Church History labels a group of Christians as The Desert Fathers. These guys were the early monks, leaving material comfort to go be with God in the desert.
Certainly monks went too far in many cases, and also seem to miss the point: by completely abstaining from material things, they made material things the measure.
At the same time, they knew material things were a hindrance to true worship of God. You cannot serve God and mammon. They knew this. Did they end up worshipping God truly? I guess that’s for God to decide.
These guys seem even more foreign and ridiculous to modern Christians because we are so comfortable with material things. “What’s the big deal? Everyone has this stuff.” But that’s exactly why they went to the desert!
Here are a few quotes from Richard Foster’s book Freedom of Simplicity about them:
“The Desert Fathers renounced things in order to know what it meant to have the single eye of simplicity toward God. They were the Athletae Dei, the athletes of God, who sought to strip away all hindrances. There is no question that there were excesses in the monasticism of the Desert Fathers, but no more so than the excesses evidenced in the Church of today in the opposite direction.”

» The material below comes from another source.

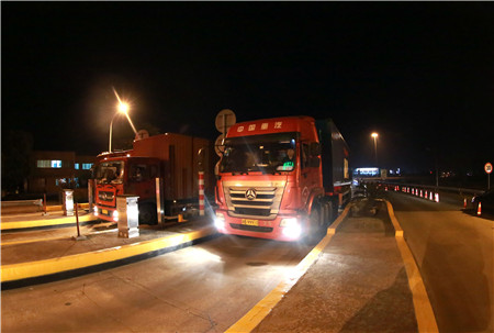 臺州南、溫嶺西收費(fèi)所,分流9點(diǎn)開始,由于夜間通行貨車居多,每輛需計(jì)重收費(fèi),且夾雜綠農(nóng)車,情況復(fù)雜,分流1個小時后出口車道已排成車燈長龍,壓力巨大?!奥房趨f(xié)警一定要守住第一道防線,不能讓任何車輛進(jìn)入!”富有經(jīng)驗(yàn)的所長王益民已在車道上與交通協(xié)管員一起指揮疏導(dǎo)交通了。從晚上10點(diǎn)到凌晨6點(diǎn),持續(xù)奮戰(zhàn)8個小時,在有限的具有稱重能力車道的情況下,臺州南、溫嶺西共完成了5千多輛車的收費(fèi)工作,流量相比平時增加一倍。
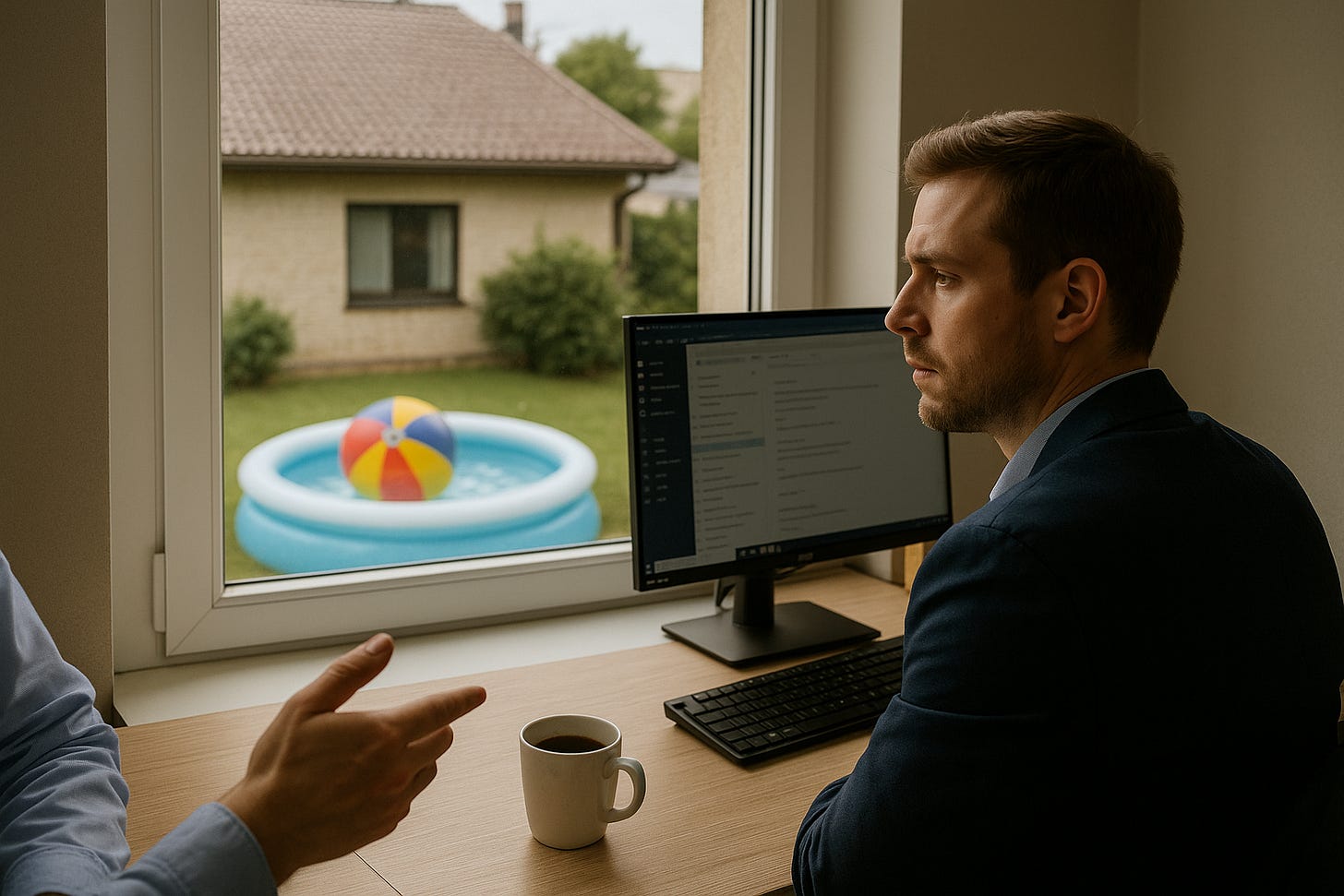 Izskatījās, ka vēja ārā nebija. Tomēr bija suģestējoši skatīties ārā pa VID ēkas logu uz blakus privātmājas bērnu baseiniņu. Tajā krāsaina, viegla bumba gumijas bumba dejoja pa baseina apli un vienlaikus griezās ap savu asi. Skaisti. Gluži kā plastmasas maisiņš leģendārajā filmā Amerikāņu skaistums.

Point being: They went as far into simplicity as we are into excess. Which one is better? Probably both wrong, but one at least was attempting to deal with it. We are told in Hebrews 12 to run with patience the race set before us, this is done by laying aside every weight and sin that besets us. Every weight is probably material stuff/mammon.
“Detachment frees us from the control of others. No longer can we be manipulated by people who hold our livelihoods in their hands. Things do not entice our imagination; people do not dominate our destinies.”
I believe this is true. This is especially true in terms of debt. Proverbs says that who we are indebted to, we are slaves to. Whether actually financially in debt, or in debt because of our lustful cravings for more stuff, both enslave us.
The fact that monks went too far and whatever spiritual gain they made seems mostly achieved for their own benefit not anyone else’s, doesn’t mean they didn’t have a point.
Hebrews 12:1 is in the Bible. We have made too much peace with the world, and because of that are carrying around way too many worldly concerns that are impeding our progress in Christlikeness.